* ACTION ITEM:
Could each entry below be written out exactly, with every picture dropped?

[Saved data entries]
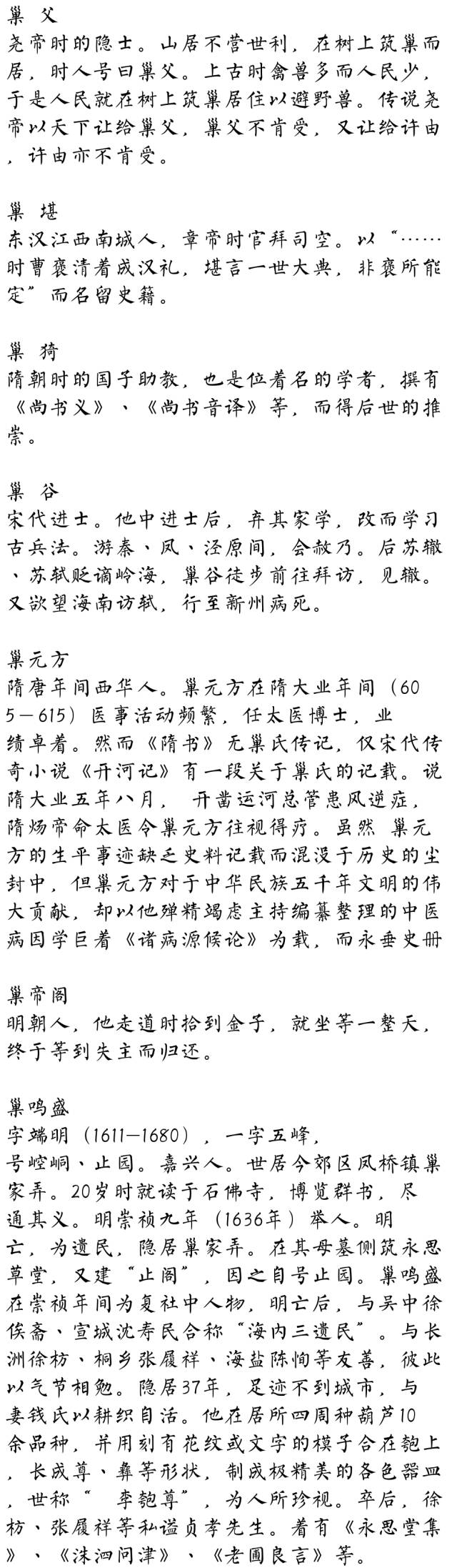 百家姓历史072——巢氏家族简介
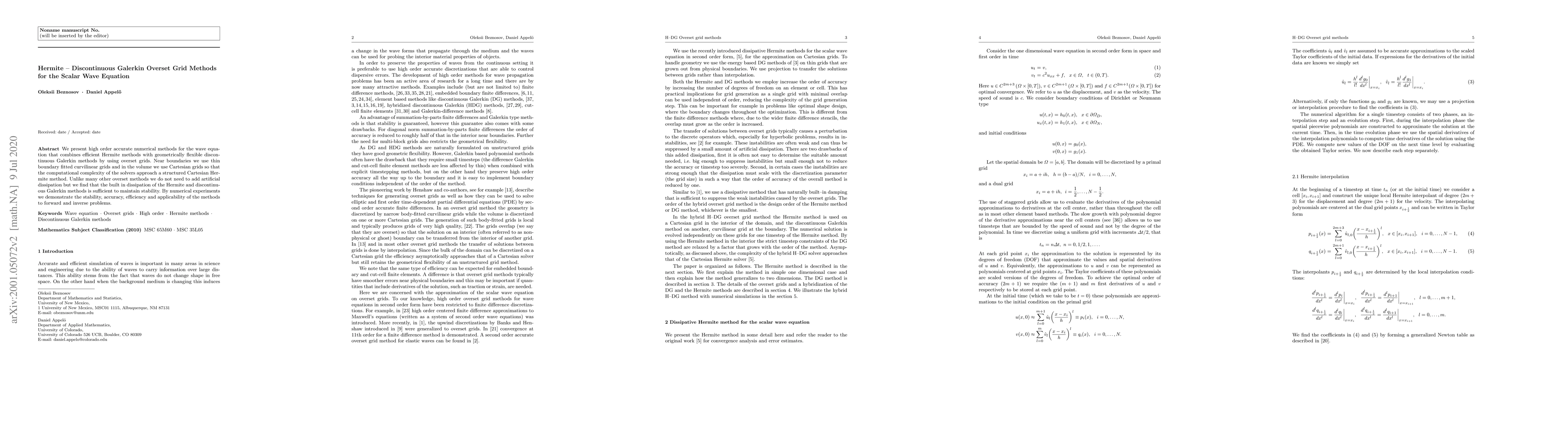 This paper introduces high-order numerical methods combining Hermite and discontinuous Galerkin techniques over overset grids for solving the scalar wave equation. The method leverages boundary-fitted curvilinear grids near boundaries and Cartesian grids in the volume, achieving computational efficiency while maintaining stability without artificial dissipation.
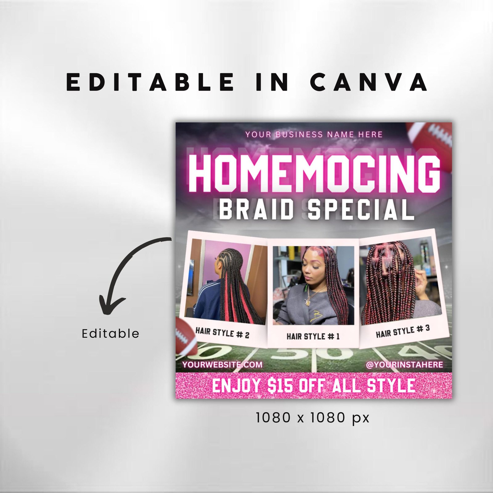 Purchase & Access – After payment, you’ll receive an email with a link to your editable design (sent to your Etsy-registered email).
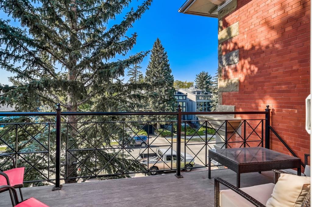 Designed over two expansive levels, this unique home features soaring 12 foot ceilings on the main floor, beautiful hardwood flooring, and an abundance of natural light through oversized windows, skylights, and French doors. The elegant living and dining areas open onto a spacious west facing balcony, while the sunlit kitchen and family room at the rear of the home flow out onto your private deck, perfect for morning coffee or evening entertaining. Upstairs, a stunning skylit staircase leads to two generously sized bedrooms, both with vaulted ceilings, private ensuite bathrooms, and individual balconies. The primary suite also boasts an attached office that could easily be converted into a 3rd bedroom. Additional features include a common elevator, a private back entrance with mudroom and laundry/storage area, plus a rare double detached garage with a massive (over 400 sq/ft) rooftop deck ideal for taking in the serene surroundings. Situated in one of Calgary’s most desirable communities, this one of a kind home offers the perfect balance of heritage charm and contemporary sophistication.
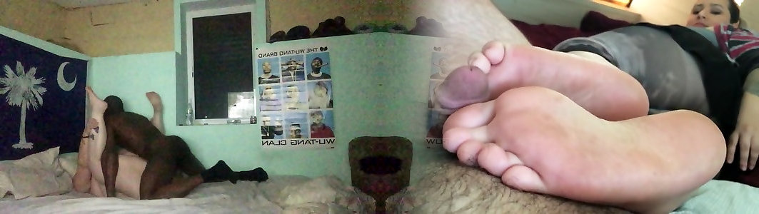 Dark-hued feet cummed while filming this
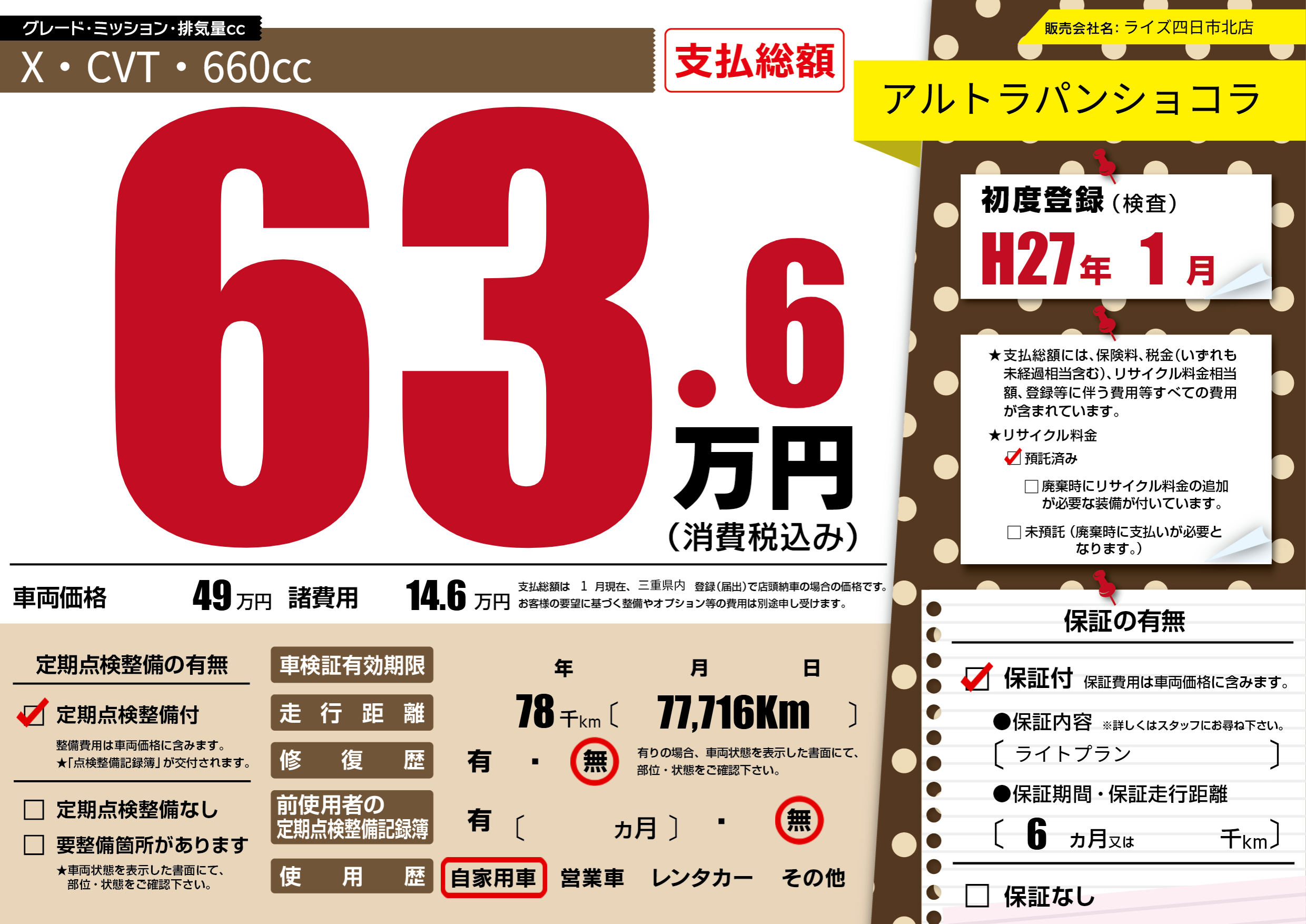 | 走行キロ | 7.8万km | 初年度登録 | H27年1月 |
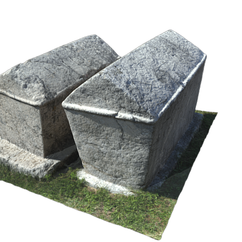 Stećak in the form of chest with a depiction of a court dance. Dimensions: height 81 cm, width 68 cm, length 156 cm.
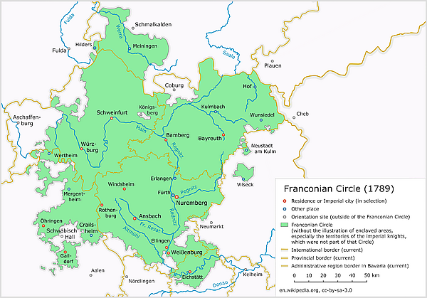 2 июля 1500 года на Аугсбургском рейхстаге Священная Римская империя была разделена на шесть имперских кругов. Эти первые круги изначально были пронумерованы, Франконскому имперскому кругу был присвоен номер 1:
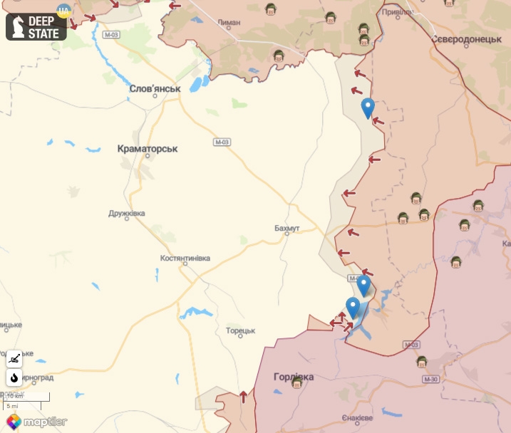 На Краматорском направлении враг бил по окрестностям Краматорска, Северска, Григорьевки, Звановки и Спорного. Рашисты продолжают попытку продвинуться вблизи Ивано-Дарьевки (верхняя точка на карте), бои идут.
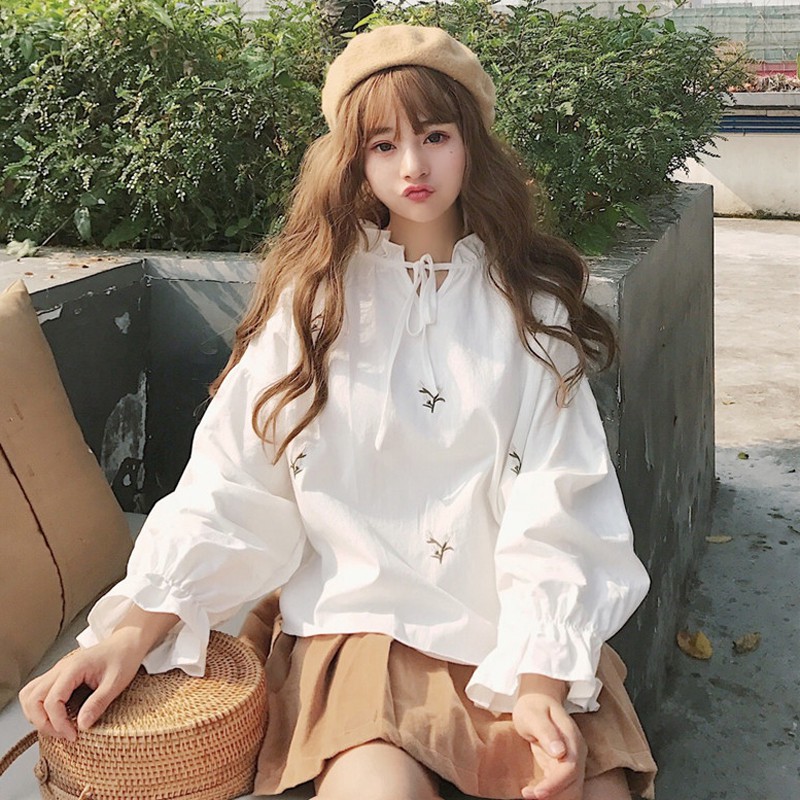 Sẵn Sơ Mi Ulzzang Ao Sơ Mi Nữ Kiểu Dang Han Quốc Sơ Mi Trắng Tay Bồng Shopee Việt Nam
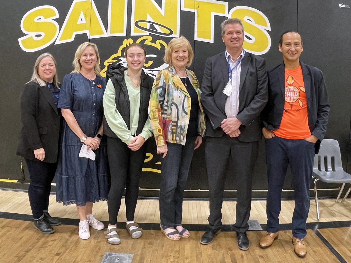 Cadmus Delorme (right) with BGSD Board Chair Esther Eckert (centre), Superintendent Michael Borgfjord, New Sarepta Community High School Assistant Principal Michelle Havereon (left) and Principal Lorelei Steffler.
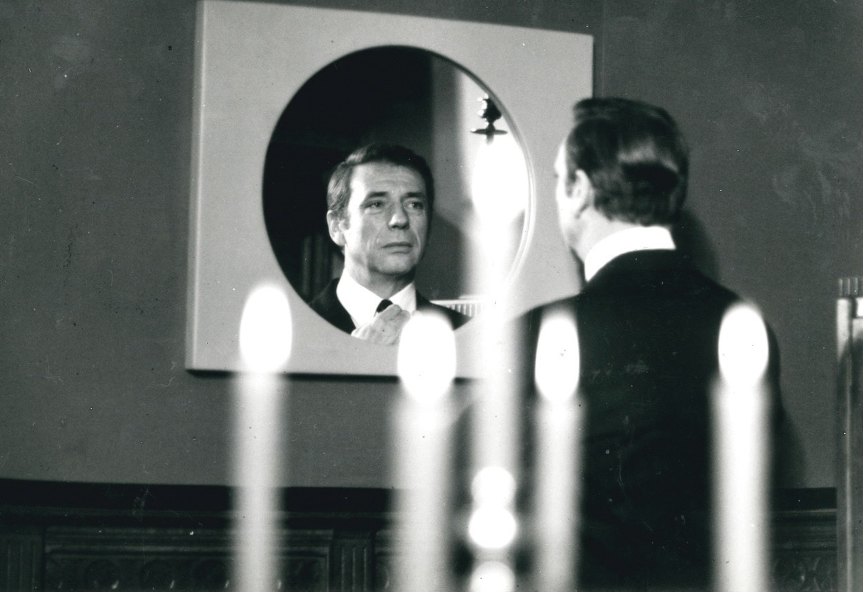 In the film, a conflict is being played out between Mathias (Yves Montand), a Flemish linguist and literature professor, and a theatrical stage designer named Anne (Anouk Aimée) who left France to live with him in Belgium and feels both excluded and scorned by the Flemish members of Mathias’s circle. In the film’s opening scene – after see-through credits launch Delvaux’s first color feature with what looks like a black and white snowy landscape seen from a moving train over a plaintive song about the seasons sung by a woman vocalist (with lyrics by Delvaux) – Mathias is visiting his French-speaking grandmother, who recalls him refusing to go to a cinema with her at the age of ten because he felt ashamed of her, a memory that Mathias diffidently denies and shrugs off (“Mais non!”), suggesting another half-hidden sign of the same syndrome.

* SOLVED PROBLEM:
 百家姓历史072——巢氏家族简介
 This paper introduces high-order numerical methods combining Hermite and discontinuous Galerkin techniques over overset grids for solving the scalar wave equation. The method leverages boundary-fitted curvilinear grids near boundaries and Cartesian grids in the volume, achieving computational efficiency while maintaining stability without artificial dissipation.
 Purchase & Access – After payment, you’ll receive an email with a link to your editable design (sent to your Etsy-registered email).
 Designed over two expansive levels, this unique home features soaring 12 foot ceilings on the main floor, beautiful hardwood flooring, and an abundance of natural light through oversized windows, skylights, and French doors. The elegant living and dining areas open onto a spacious west facing balcony, while the sunlit kitchen and family room at the rear of the home flow out onto your private deck, perfect for morning coffee or evening entertaining. Upstairs, a stunning skylit staircase leads to two generously sized bedrooms, both with vaulted ceilings, private ensuite bathrooms, and individual balconies. The primary suite also boasts an attached office that could easily be converted into a 3rd bedroom. Additional features include a common elevator, a private back entrance with mudroom and laundry/storage area, plus a rare double detached garage with a massive (over 400 sq/ft) rooftop deck ideal for taking in the serene surroundings. Situated in one of Calgary’s most desirable communities, this one of a kind home offers the perfect balance of heritage charm and contemporary sophistication.
 Dark-hued feet cummed while filming this
 | 走行キロ | 7.8万km | 初年度登録 | H27年1月 |
 Stećak in the form of chest with a depiction of a court dance. Dimensions: height 81 cm, width 68 cm, length 156 cm.
 2 июля 1500 года на Аугсбургском рейхстаге Священная Римская империя была разделена на шесть имперских кругов. Эти первые круги изначально были пронумерованы, Франконскому имперскому кругу был присвоен номер 1:
 На Краматорском направлении враг бил по окрестностям Краматорска, Северска, Григорьевки, Звановки и Спорного. Рашисты продолжают попытку продвинуться вблизи Ивано-Дарьевки (верхняя точка на карте), бои идут.
 Sẵn Sơ Mi Ulzzang Ao Sơ Mi Nữ Kiểu Dang Han Quốc Sơ Mi Trắng Tay Bồng Shopee Việt Nam
 Cadmus Delorme (right) with BGSD Board Chair Esther Eckert (centre), Superintendent Michael Borgfjord, New Sarepta Community High School Assistant Principal Michelle Havereon (left) and Principal Lorelei Steffler.
 In the film, a conflict is being played out between Mathias (Yves Montand), a Flemish linguist and literature professor, and a theatrical stage designer named Anne (Anouk Aimée) who left France to live with him in Belgium and feels both excluded and scorned by the Flemish members of Mathias’s circle. In the film’s opening scene – after see-through credits launch Delvaux’s first color feature with what looks like a black and white snowy landscape seen from a moving train over a plaintive song about the seasons sung by a woman vocalist (with lyrics by Delvaux) – Mathias is visiting his French-speaking grandmother, who recalls him refusing to go to a cinema with her at the age of ten because he felt ashamed of her, a memory that Mathias diffidently denies and shrugs off (“Mais non!”), suggesting another half-hidden sign of the same syndrome.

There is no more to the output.